Systematic bromodomain protein screens identify homologous recombination and R-loop suppression pathways involved in genome integrity

Jae Jin Kim; Seo Yun Lee; Fade Gong; Anna M. Battenhouse; Daniel R. Boutz; Aarti Bashyal; Samantha T. Refvik; Cheng-Ming Chiang; Blerta Xhemalce; Tanya T. Paull; Jennifer S. Brodbelt; Edward M. Marcotte; Kyle M. Miller

doi:10.1101/gad.331231.119

Systematic bromodomain protein screens identify homologous recombination and R-loop suppression pathways involved in genome integrity

¹Department of Molecular Biosciences, The University of Texas at Austin, Austin, Texas 78712, USA;
²Institute for Cellular and Molecular Biology, The University of Texas at Austin, Austin, Texas 78712, USA;
³Center for Systems and Synthetic Biology, The University of Texas at Austin, Austin, Texas 78712, USA;
⁴Department of Chemistry, The University of Texas at Austin, Austin, Texas 78712, USA;
⁵The Howard Hughes Medical Institute;
⁶Simmons Comprehensive Cancer Center, Department of Biochemistry, Department of Pharmacology, University of Texas Southwestern Medical Center, Dallas, Texas 75390, USA;
⁷Livestrong Cancer Institutes, Dell Medical School, The University of Texas at Austin, Austin, Texas 78712, USA

Corresponding author: kyle.miller{at}austin.utexas.edu

↵9 These authors contributed equally to this work.

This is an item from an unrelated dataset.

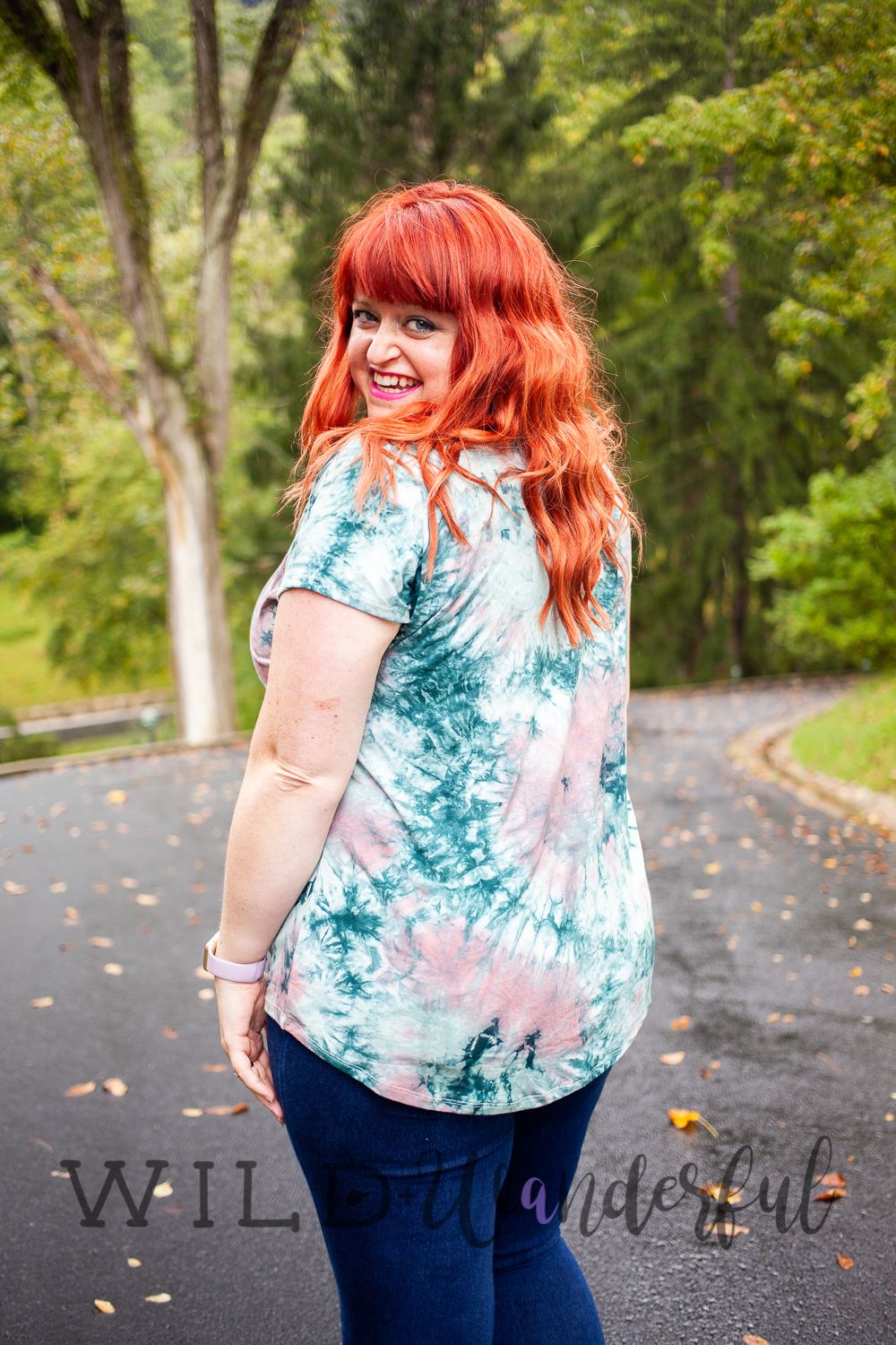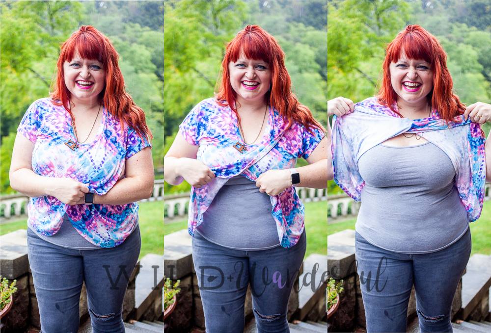 Let’s start the sharing, shall we? First up is the “tulip front” version. Which also happens to be made using the July Threads of the Month fabric! I don’t know what took me to long to decide what to make out of this fabric, but it did. I think I loved it too much that the decision on what to cut it into was killing me. It’s a rayon/spandex blend is just perfect for this pattern. The Tulip Tee is designed to be a loose and flowy dolman, and this drapey fabric was an excellent pairing with it.

↵8 Present address: Department of Biochemistry and Molecular Biology, Baylor College of Medicine, Houston, TX 77030, USA

Abstract

Bromodomain proteins (BRD) are key chromatin regulators of genome function and stability as well as therapeutic targets in cancer. Here, we systematically delineate the contribution of human BRD proteins for genome stability and DNA double-strand break (DSB) repair using several cell-based assays and proteomic interaction network analysis. Applying these approaches, we identify 24 of the 42 BRD proteins as promoters of DNA repair and/or genome integrity. We identified a BRD-reader function of PCAF that bound TIP60-mediated histone acetylations at DSBs to recruit a DUB complex to deubiquitylate histone H2BK120, to allowing direct acetylation by PCAF, and repair of DSBs by homologous recombination. We also discovered the bromo-and-extra-terminal (BET) BRD proteins, BRD2 and BRD4, as negative regulators of transcription-associated RNA-DNA hybrids (R-loops) as inhibition of BRD2 or BRD4 increased R-loop formation, which generated DSBs. These breaks were reliant on topoisomerase II, and BRD2 directly bound and activated topoisomerase I, a known restrainer of R-loops. Thus, comprehensive interactome and functional profiling of BRD proteins revealed new homologous recombination and genome stability pathways, providing a framework to understand genome maintenance by BRD proteins and the effects of their pharmacological inhibition.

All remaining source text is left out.